Sympathy for the Revenue

Given the bashing it has taken over the past couple of years, it might initially seem surprising that the Revenue is attracting anything other than hostility.

The financial press has been littered with stories of systems failures, unreliability and general frustration with the services it offers.

On electronic self-assessment, for instance, more seems to have gone wrong than right. Evidence of the need for changes to the e-filing system was available in spades at Sage Expo last month. At a round table hosted by Sage and Accountancy Age, Tim Wright, the Revenue’s product manager for e-services for agents, explained why e-filing matters. And why it should matter more to accountants. Putting a Revenue official in front of an audience of accountants with first-hand experience of e-filing problems makes words like ‘lamb’ and ‘slaughter’ leap to mind.

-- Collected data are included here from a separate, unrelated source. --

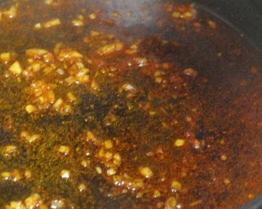 3.锅里加油,先将姜蒜末下锅煸炒出香味。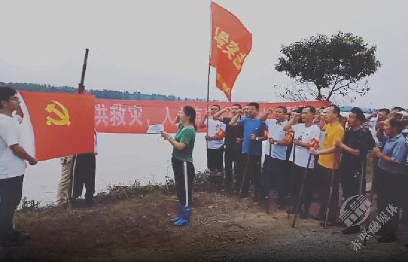 - 【防汛一线党旗红】党旗在赤壁干堤飘扬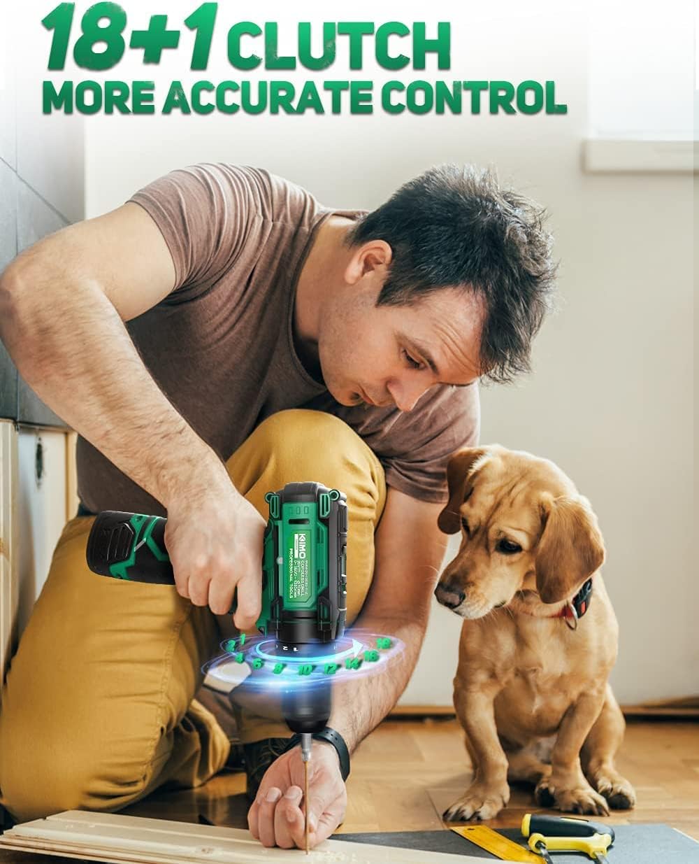 【𝟏𝟖+𝟏 𝐂𝐥𝐮𝐭𝐜𝐡, 𝟐-𝐕𝐚𝐫𝐢𝐚𝐛𝐥𝐞 𝐒𝐩𝐞𝐞𝐝】Equipped with 2 working modes-driving and drilling, KIMO Power Drill is your good partner to work around. 18 adjustable clutch settings with variable pressure trigger(2-speed: 0-350RPM-1350RPM) help complete a wide range of applications precisely. No matter it is household reconstruction, improvements, DIY handcrafts, or auto repairs, consider the KIMO power drill set as you CANNOT MISS everyday fix tool. Also an ideal gift for your mom, wife, girlfriend, daughter.

But Wright made a convincing case of how, while the Revenue itself needs to get its act together, accountants need to educate themselves and their clients about the benefits of electronic filing of tax returns. If the accountants attending the session are anything to go by, that education process will involve an uphill struggle. Only one of the 30 or so accountants in attendance had received requests to file returns electronically and there appeared to be little appetite to encourage take-up.

This lethargy comes at a time when the e-filing is on the increase. Some 165,000 self-assessment returns were filed electronically this year compared to 75,000 in the previous year. And 2,000 accountants currently use the electronic lodgement services to file tax returns.

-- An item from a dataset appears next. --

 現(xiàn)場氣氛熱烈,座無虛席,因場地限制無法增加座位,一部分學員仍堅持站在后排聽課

The Revenue is also running a pilot with one large practice looking at the concept of an electronic filing cabinet where accountants, clients and taxmen can work together, exchanging and receiving data. But there will be no quick fix: almost one in three returns received by the Revenue is still ‘paper and pencil’. Hundreds of accountants are still not using IT to help run their practice.

Until that changes, electronic filing will remain an exception to the rule. And that means paying tax will be a slower process than it needs to be and one where more mistakes are made.